Middle ground

The saw starts up again at 9 am. I really do have to figure out how to deal with it. It is likely to go on all winter—I think now they have begun cutting stones, which is really quite loud. It is louder than cutting wood. Headphones do not block it out: I end up straining past the music I have going to hear whether it has stopped or started. I can go to certain parts of town that are further away from the cutting. I think the Holy Site is out of range. I can go to a friend’s house. I can take a long walk to the Nature Preserve. But these things will all bring different triggers with them, and if I leave my house in a hypervigilant state, it won’t get easier to deal with them. I have to figure it out.

I know the stiff upper lip approach doesn’t do anything except make the days pass, and I didn’t organize my life around having the holiday be wasted time emotionally. I think I will have a really hard time if I go directly from this state to school in a month.

I have to do something. I have no idea what, but something.

So I start counting. I count how long the whir of the blade lasts and how long the interval in between lasts. I think if there is any kind of pattern to it, maybe it’s possible I can relax, like any degree of predictability might help me.

In the midst of doing this, I get really, really scared. I don’t know if that’s good or bad. It might mean at least I am coming back from dissociation enough that I can feel my own emotions.
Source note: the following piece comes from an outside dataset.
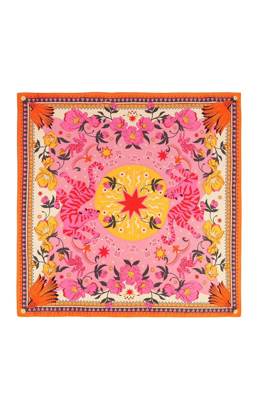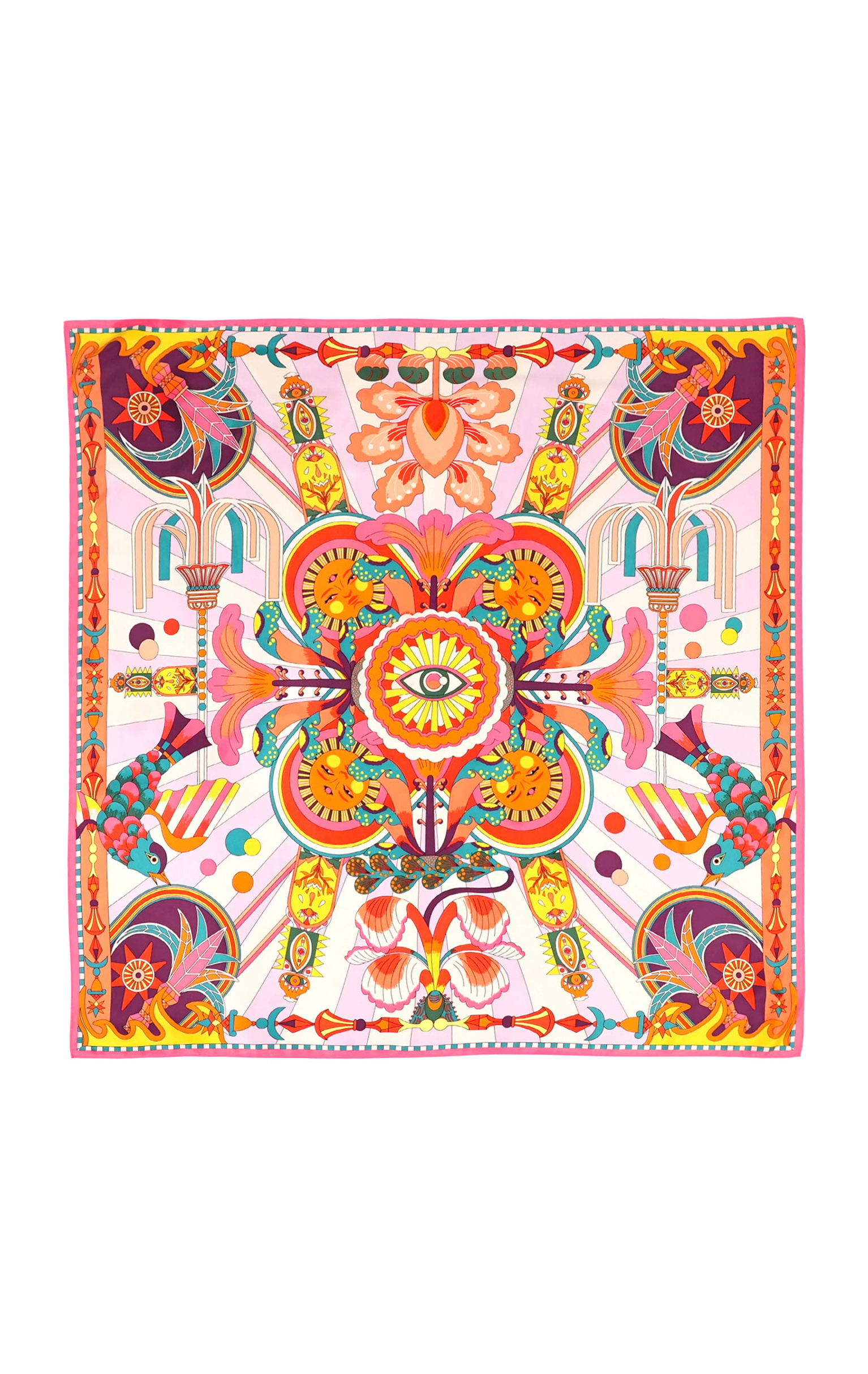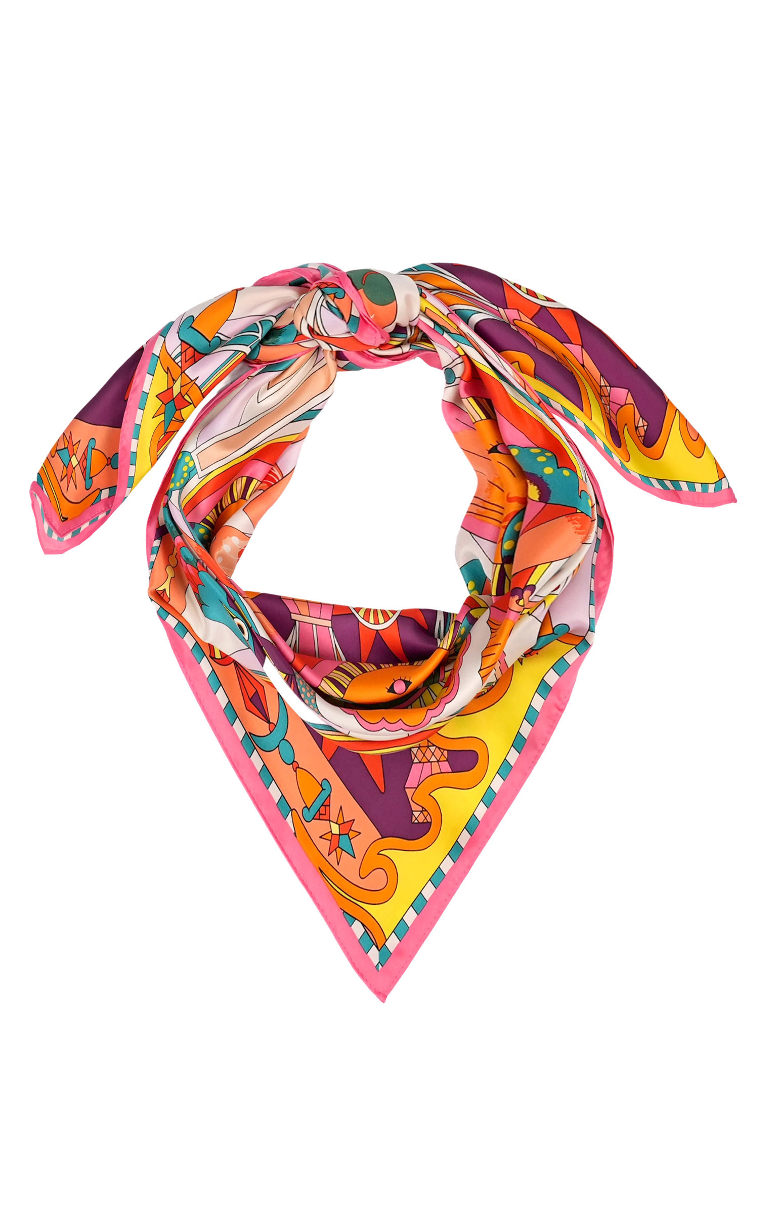 Bathed in a phantasmagorical, hallucinogenic universe, ENCHANTERED is adorned at its center with a pentacle-like eye, around which four suns with doll-like faces take shape. In the same vein, the rest of the scarf tells the story of a world apart, on the border between the unconscious and an unbridled, colorful imagination, against a backdrop of broad stripes borrowed from 70s aesthetics. Available in two colors, ENCHANTERED is here in its pink version and is revealed in shades of turquoise, yellow, orange, mauve, pink, violet, carmine red and sky blue.

Or it could mean I am getting more and more beside myself. Sometimes, it is so hard to say.

But it dawns on me suddenly that I am a middle-aged woman afraid of a circular saw. It is not a child self afraid of a saw, although that is how it feels. It is me. A forty-two year old woman who knows perfectly well men are cutting up stones and not dead bodies. I know full well what is happening in the present, but I am still terrified.

It’s the same person.

I don’t know how to articulate that. The child who endured the horror and the adult trying to cope with it are one and the same. It’s true the horror is not happening now. What is happening now is I am assaulted by memories I can barely handle.

I have been responding to the symptoms (if you will) of trauma in the present without fully taking in the import of them: I do take it in from time to time, but maybe in bits or maybe only partway. It did happen. It did happen to me. And it was that bad.

I am not sure of every detail I remember and there are things I thought I remembered I am not sure really happened. But the things I am not sure about are not worse than the things I am sure. If anything, the things I am sure about are.

And it’s not to say that those things I remember are happening to me now, but the process of remembering is happening to me now. I think that had not entirely registered. Somewhere in me, despite my attempts at acceptance, I had wanted to maintain these things happened in the past. In the present, I am fine.

I am not fine.


2 thoughts on “Middle ground

  1. desilef January 13, 2016 / 10:01 pm

    I am so sorry you have to cope with that horrible sound.

    • Ashana M January 14, 2016 / 6:25 am

      There is always something, it seems.